== Exercise goal ==
Below is a listing. Set down exactly the lines from the one containing "为鼓励广大学生踊跃参加课外科" through the one containing "Käytetty, siistikuntoinen mappikaappi.", both ends included, and leave out the rest.

== Supplied records ==
§

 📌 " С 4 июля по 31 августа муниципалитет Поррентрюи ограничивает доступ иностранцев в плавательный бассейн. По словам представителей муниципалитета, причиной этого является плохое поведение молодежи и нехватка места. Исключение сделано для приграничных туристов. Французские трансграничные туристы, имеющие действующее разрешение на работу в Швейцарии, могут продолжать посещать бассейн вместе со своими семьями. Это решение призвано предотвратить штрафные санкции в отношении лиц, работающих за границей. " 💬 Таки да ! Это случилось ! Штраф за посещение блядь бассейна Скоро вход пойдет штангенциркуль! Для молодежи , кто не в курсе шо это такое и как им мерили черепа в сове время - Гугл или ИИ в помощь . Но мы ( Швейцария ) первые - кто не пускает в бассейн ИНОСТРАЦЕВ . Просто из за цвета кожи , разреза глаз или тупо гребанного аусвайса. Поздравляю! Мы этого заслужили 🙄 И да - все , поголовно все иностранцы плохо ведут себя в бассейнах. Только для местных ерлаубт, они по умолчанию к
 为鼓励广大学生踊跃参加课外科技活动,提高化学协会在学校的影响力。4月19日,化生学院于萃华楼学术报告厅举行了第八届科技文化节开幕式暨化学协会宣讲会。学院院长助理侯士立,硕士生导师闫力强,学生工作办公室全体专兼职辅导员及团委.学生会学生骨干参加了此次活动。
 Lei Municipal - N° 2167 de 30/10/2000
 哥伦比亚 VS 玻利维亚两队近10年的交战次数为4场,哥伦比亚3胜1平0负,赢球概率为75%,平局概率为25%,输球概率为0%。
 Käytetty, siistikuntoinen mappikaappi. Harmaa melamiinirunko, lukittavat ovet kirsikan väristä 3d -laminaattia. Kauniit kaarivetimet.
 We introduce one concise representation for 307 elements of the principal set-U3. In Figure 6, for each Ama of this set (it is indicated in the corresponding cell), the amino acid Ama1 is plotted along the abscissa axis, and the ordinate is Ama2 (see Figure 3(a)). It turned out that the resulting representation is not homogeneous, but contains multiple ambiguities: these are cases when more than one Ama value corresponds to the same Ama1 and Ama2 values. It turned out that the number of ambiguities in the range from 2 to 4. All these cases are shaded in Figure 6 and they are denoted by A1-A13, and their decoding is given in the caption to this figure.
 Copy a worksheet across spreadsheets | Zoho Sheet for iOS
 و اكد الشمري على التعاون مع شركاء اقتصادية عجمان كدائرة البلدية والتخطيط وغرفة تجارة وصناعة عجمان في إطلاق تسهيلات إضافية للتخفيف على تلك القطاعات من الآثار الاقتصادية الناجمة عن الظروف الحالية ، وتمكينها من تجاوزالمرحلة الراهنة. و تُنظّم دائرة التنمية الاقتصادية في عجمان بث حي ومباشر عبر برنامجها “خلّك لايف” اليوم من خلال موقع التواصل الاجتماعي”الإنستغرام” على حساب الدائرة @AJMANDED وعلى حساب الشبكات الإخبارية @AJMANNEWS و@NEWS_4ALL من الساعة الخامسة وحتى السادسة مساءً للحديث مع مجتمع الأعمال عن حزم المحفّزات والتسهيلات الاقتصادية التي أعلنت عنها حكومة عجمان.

§

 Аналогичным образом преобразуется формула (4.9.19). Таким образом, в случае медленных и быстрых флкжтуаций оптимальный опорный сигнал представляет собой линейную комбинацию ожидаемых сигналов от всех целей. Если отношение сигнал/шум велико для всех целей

§

== Reply to the exercise ==
 为鼓励广大学生踊跃参加课外科技活动,提高化学协会在学校的影响力。4月19日,化生学院于萃华楼学术报告厅举行了第八届科技文化节开幕式暨化学协会宣讲会。学院院长助理侯士立,硕士生导师闫力强,学生工作办公室全体专兼职辅导员及团委.学生会学生骨干参加了此次活动。
 Lei Municipal - N° 2167 de 30/10/2000
 哥伦比亚 VS 玻利维亚两队近10年的交战次数为4场,哥伦比亚3胜1平0负,赢球概率为75%,平局概率为25%,输球概率为0%。
 Käytetty, siistikuntoinen mappikaappi. Harmaa melamiinirunko, lukittavat ovet kirsikan väristä 3d -laminaattia. Kauniit kaarivetimet.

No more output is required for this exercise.